## MATERIAL PROVIDED:
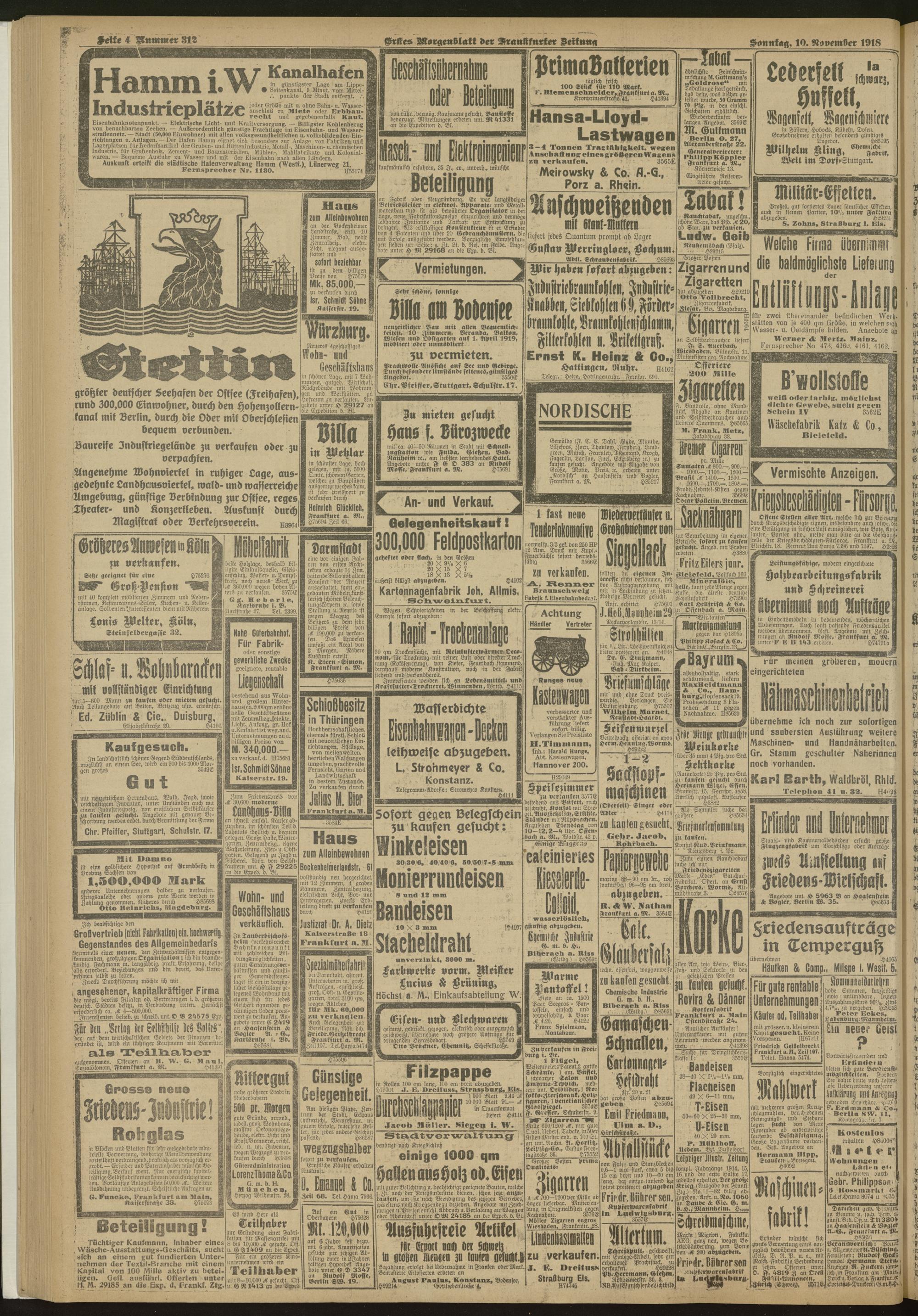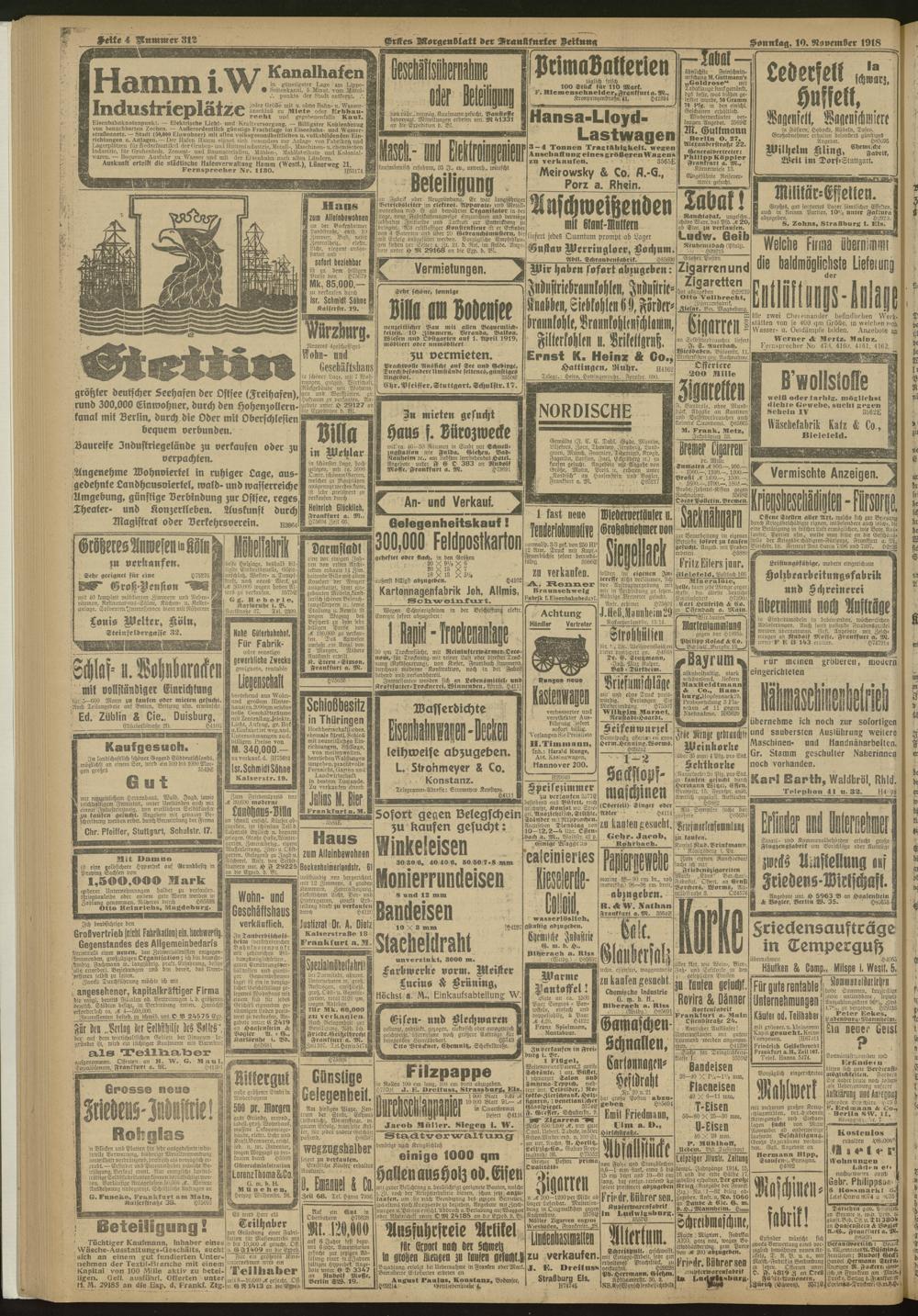 10.11.1918 = Nr. 312. Erstes Morgenblatt
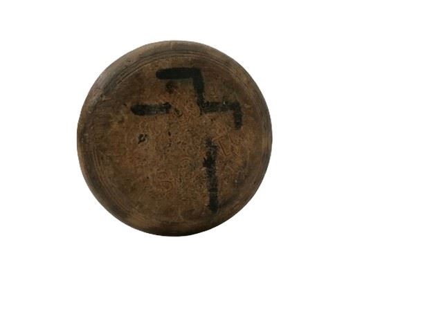 Dark staining on handle from use; black cross marks the bottom of knob.
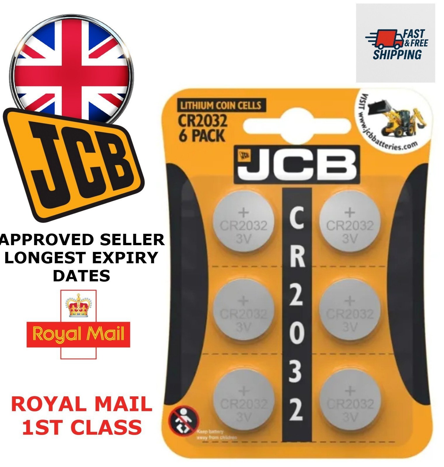 1.25, CR2032, Lithium, Button cell batteries
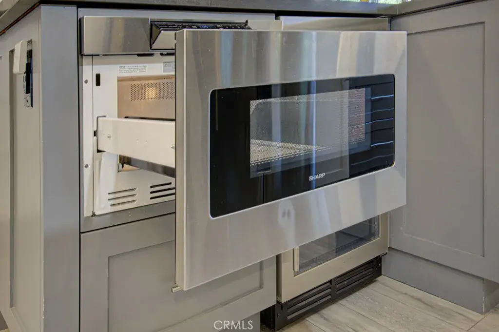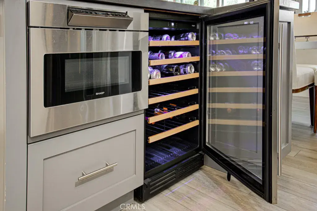 The designer kitchen is a true centerpiece, showcasing shaker cabinetry, quartz countertops, & a generous island with built-in microwave & wine refrigerator. High-end appliances include a Bosch dishwasher, induction range with exterior-vented chimney hood, and a Samsung four-door refrigerator featuring two convertible lower compartments that function as either refrigerator or freezer for ultimate flexibility. The dining area is enhanced by a custom built-in wall unit with accent lighting and abundant storage.

## TASK DESCRIPTION:
The line containing "1.25, CR2032, Lithium, Button cell batteries" and every line after it, through the end of the data, are to be output exactly. Omit the pictures.

## TASK SOLUTION:
 1.25, CR2032, Lithium, Button cell batteries
 The designer kitchen is a true centerpiece, showcasing shaker cabinetry, quartz countertops, & a generous island with built-in microwave & wine refrigerator. High-end appliances include a Bosch dishwasher, induction range with exterior-vented chimney hood, and a Samsung four-door refrigerator featuring two convertible lower compartments that function as either refrigerator or freezer for ultimate flexibility. The dining area is enhanced by a custom built-in wall unit with accent lighting and abundant storage.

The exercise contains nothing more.